Gigi is a family musical that set a record for Academy Award wins. It was an industry favorite. It’s also super gross. The film starts off with old Uncle Pedo sitting in park watching children playing and singing, “Thank Heaven for Little Girls.” Now, you’re probably thinking, it’s not that bad. It’s probably more innocent than you’re implying. But no. It’s every bit as disgusting as you think it might be. He’s thanking little girls for growing up into women, so he can have them. He’s basically licking his chops at these kids running around, thinking about a few years into the future when he can marry them. It’s horrifying watching this lecherous old man drooling over small children.

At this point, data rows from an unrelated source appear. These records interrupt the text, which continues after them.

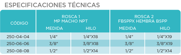 250 ADAPTADOR MACHO NPT – HEMBRA BSPP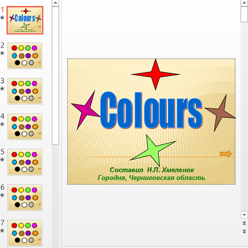На слайдах разработки располагаются фигуры, закрашенные основными цветами. Когда пользователь открывает слайд, женский голос произносит название на английском языке. Вам следует нажать на звезду, которая соответствует названному цвету. В случае правильного выбора, последует приветствие. Если же верно ответить не удастся, фигура заполнится черным цветом и будет предоставлена возможность второй попытки.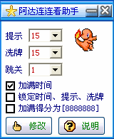 本软件为阿达【连连看3.0、3.1、3.2、3.3、3.X简体中文精装版】及【连连看3.0、3.1、3.2、3.3、3.X简体中文完全版】系列游戏的辅助工具,它可以帮助您轻松的完成连连看3游戏。本软件使用方法简单,容易操作。1、增加提示次数 2、增加洗牌次数 3、加满时间 4、直接跳到指定关卡 5、增加自动锁定时间、提示、洗牌功能……。

1. When Good Ghouls Go Bad
In the R.L. Stine book adaptation of When Good Ghouls Go Bad, the protagonist’s grandfather, confusingly named Uncle Fred (Christopher Lloyd), dies. He returns as a zombie type thing and starts hanging around the town. He’s a sweet and innocent guy, but he does one of the creepiest things imaginable. He takes over as the clown for this kid’s birthday party. That’s fine. But, at this point, Fred’s hand has fallen off his body. He then takes said hand, throws it up in the air, opens up his clown pants, and lets it drop down his pants. A touch weird, but we’ll allow it. This is where things fall off the rails, though. Uncle Fred then takes out a $100 bill and offers it to the first kid who can find the “magic hand.” This causes the entire party to rush Uncle Fred, trying desperately to find the magic hand down his pants.